The Six Hours of Shanghai started in wet conditions. For that reason, the race was started behind the safety car. After four laps behind the safety car, the race got its start under green condition. Marc Lieb of the qualifying's second-placed No. 18 Porsche Team car immediately overtook the polesitter Brendon Hartley of the No. 17 Porsche into the first corner. Hartley claimed back the lead at the Turn 7 of the first lap, while Lieb got hit by André Lotterer of the No. 7 Audi Sport Team Joest entry, and spun and fell behind the field of cars.
Another incident on the first lap under green was Nick Tandy spinning the No. 47 KCMG Oreca-Nissan and getting stuck in gravel. Following these incidents, the safety car was deployed. The safety car period allowed Lieb to catch the pack whereas the KCMG Oreca got lapped and had a tough race ahead to get a good result from a lap down.
Once the safety car period came to a close, the race continued in the No. 17 Porsche's command. The two Audis followed the No. 17 Porsche but couldn't match its pace. Meanwhile, the No. 18 Porsche was progressing through the field.
After an hour and a half into the race, the rain got heavier causing many spins and subsequent full-course yellow periods. During one of these full-course yellows, the No. 8 Audi that had pitted earlier managed narrowly to take the lead from the pitted No. 17 Porsche. The heavier rain suited Audi and soon also the No. 7 Audi overtook the No. 17 Porsche for second place, before the Audis swapped positions in the lead and No. 7 led the race.
Meanwhile, the No. 18 Porsche had recovered to fourth place after its early spin and it passed the No. 17 sister car for third place. The No. 8 Audi didn't have the pace to stay ahead the Porsches, and soon after also the No. 7 Audi had to let the Porsches past on the drying track.
Since then the race was led by Porsches, with No. 17 passing the No. 18 for lead. After four and a half hours, Romain Dumas of the No. 18 Porsche had a spin at Turn 1, costing over 30 seconds. As a consequence, the No. 18 car was in fourth place behind the Audis when everybody had one stop remaining. While the Audis pitted for fuel and new tires, the No. 18 Porsche had a late and short stop for fuel only, allowing it to exit the pits in seconds place ahead of the Audis.

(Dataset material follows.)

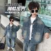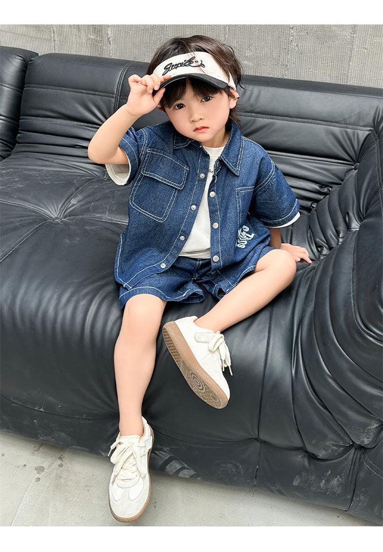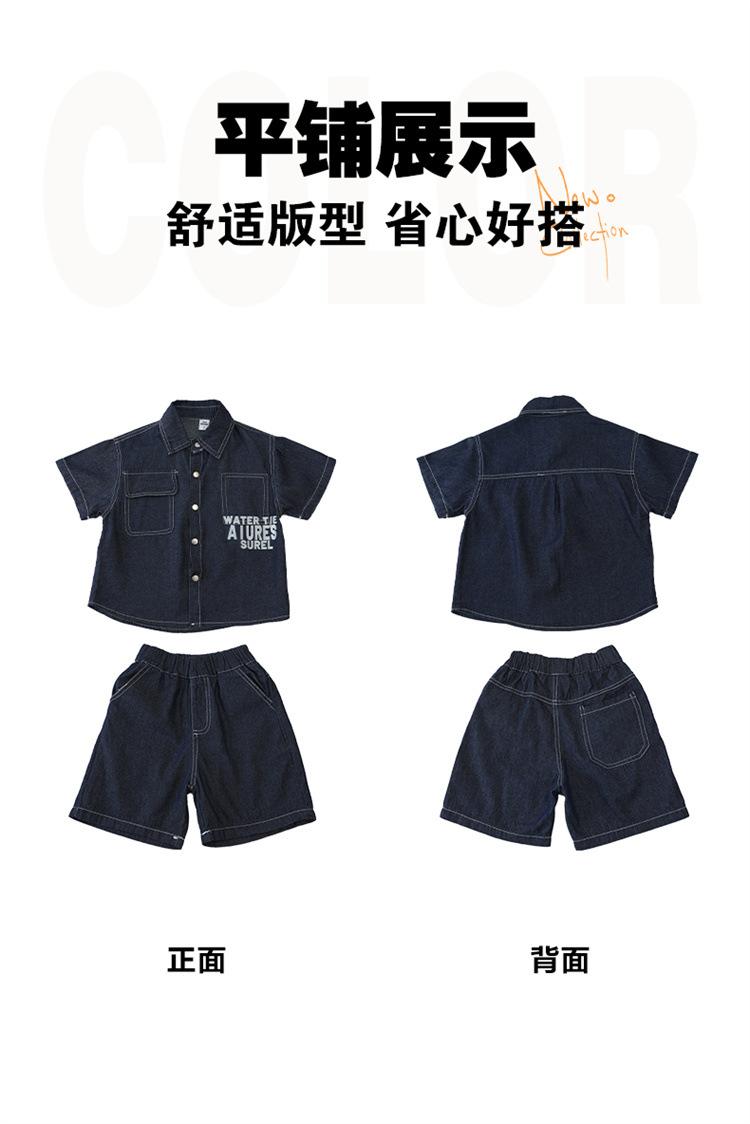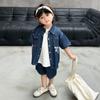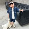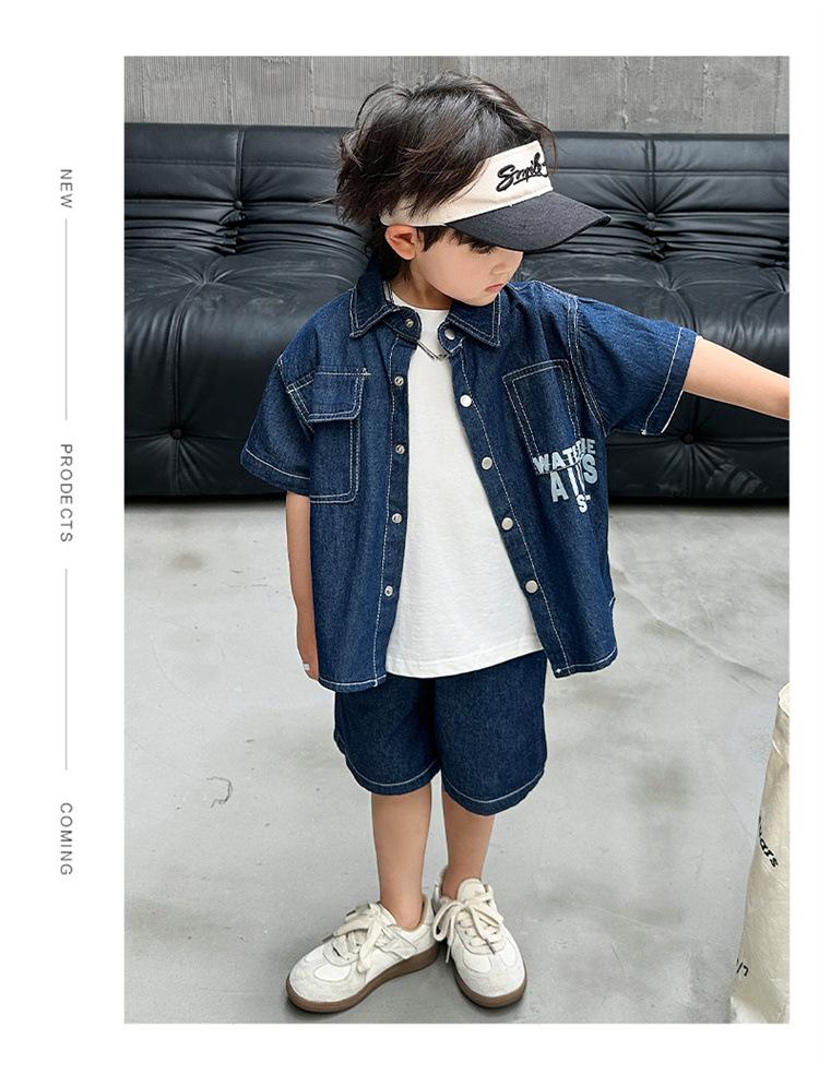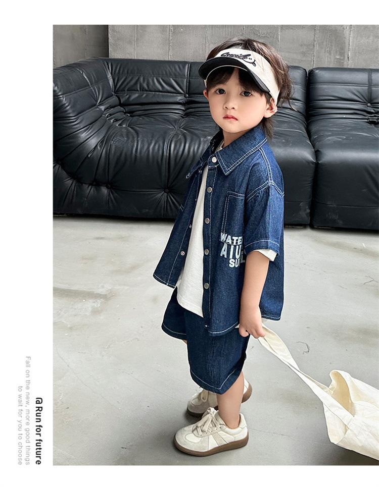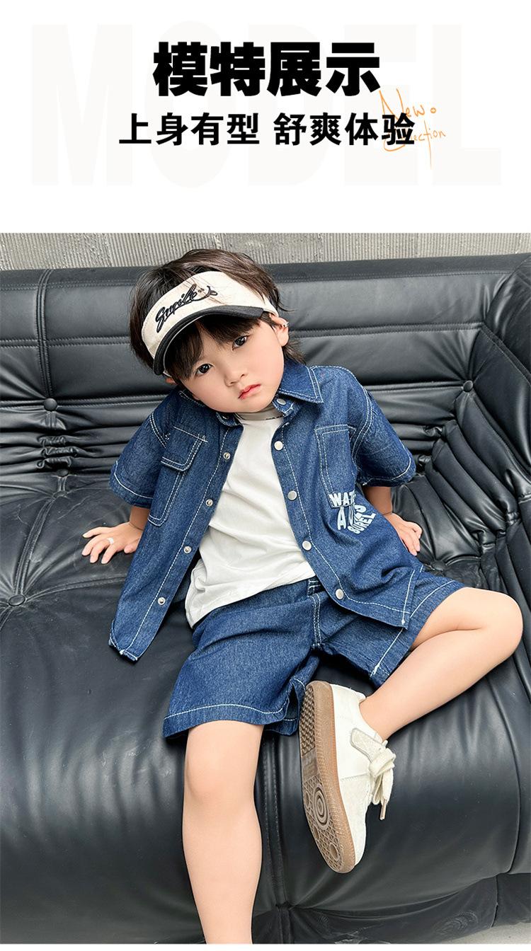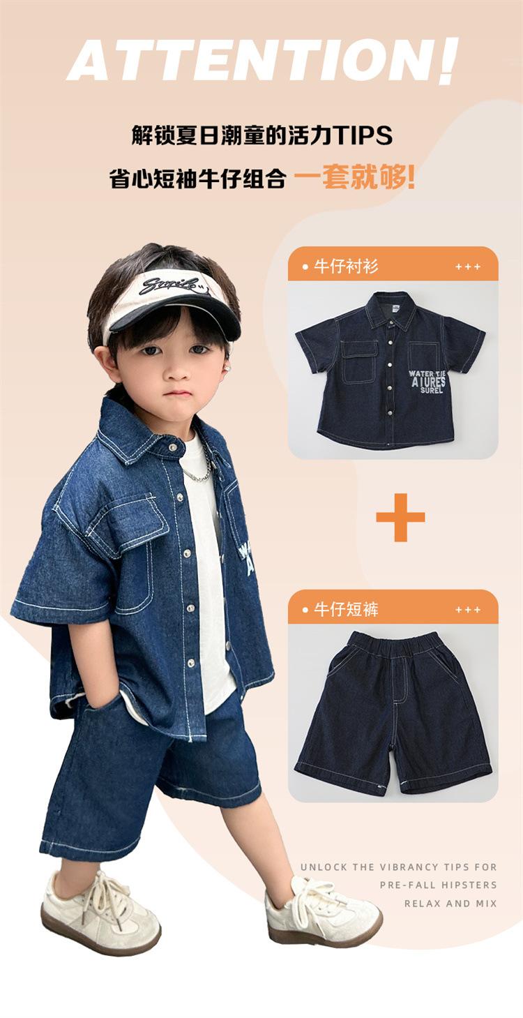 Conjunto de dos piezas de mezclilla de manga corta para verano para niño, guapo casual coreano, conjunto de dos piezas, ropa infantil de comercio exterior, ropa y pantalones de moda

A late full-course yellow for a crash by Mathias Beche of the No. 12 Rebellion Racing entry cost time for André Lotterer in the No. 7 Audi to catch Romain Dumas in the No. 18 Porsche with older tires. Still he couldn't catch Dumas even once the race was back on green. Despite the crash, the No. 12 Rebellion could return to pits and rejoin the race ahead of the No. 4 Team Bykolles entry, winning the private LMP1 classification and the FIA Endurance Trophy for private LMP1 teams.
In the end, the No. 17 Porsche of Timo Bernhard, Mark Webber, and Brendon Hartley won the race ahead of the No. 18 sister car of Romain Dumas, Neel Jani, and Marc Lieb. The result secured the manufacturers' championship for Porsche.
The last minute of the race had drama when Ricardo Gonzalez spun the No. 28 G-Drive Racing Ligier-Nissan from third place in the LMP2 class. The No. 36 Signatech Alpine entry won the class while the favorites G-Drive Racing and KCMG had difficulties in the race.
Not a full-season entry, the No. 29 Pegasus Racing Morgan-Nissan was leading in the rainy conditions in the middle parts of the race with its superior Michelin wet tires as opposed to other cars' Dunlop tires, though eventually it finished only fifth in the class.
Both G-Drive entries were given drive-through penalties during the race. The championship-leading No. 26 was penalized for not respecting full-course yellow speed whereas the No. 28 was penalized for causing a collision. The No. 26 finished the race second whereas the No. 28's race ended on the last minute with Gonzalez's spin.
The KCMG Oreca lost a lap following its early spin, though it was able to proceed to third place. Still the gap to the leading No. 26 G-Drive entry in points increased to 16 points.
GTE-Pro & Am
Fourth in yesterday's qualifying, the No. 91 Porsche Team Manthey 911 RSR made it to the lead of the GTE-Pro class during the first hour and led most of the race since then. The polesitter, No. 51 AF Corse Ferrari was second, 45 second behind, and the No. 92 Porsche Team Manthey 911 RSR was third.
The No. 83 AF Corse Ferrari won the GTE-Am class, despite a drive-through penalty for pit lane infringement. The polesitter, No. 98 Aston Martin Racing car was second, 41 seconds behind.
The FIA World Endurance Championship finishes with the Six Hours of Bahrain on November 19-21.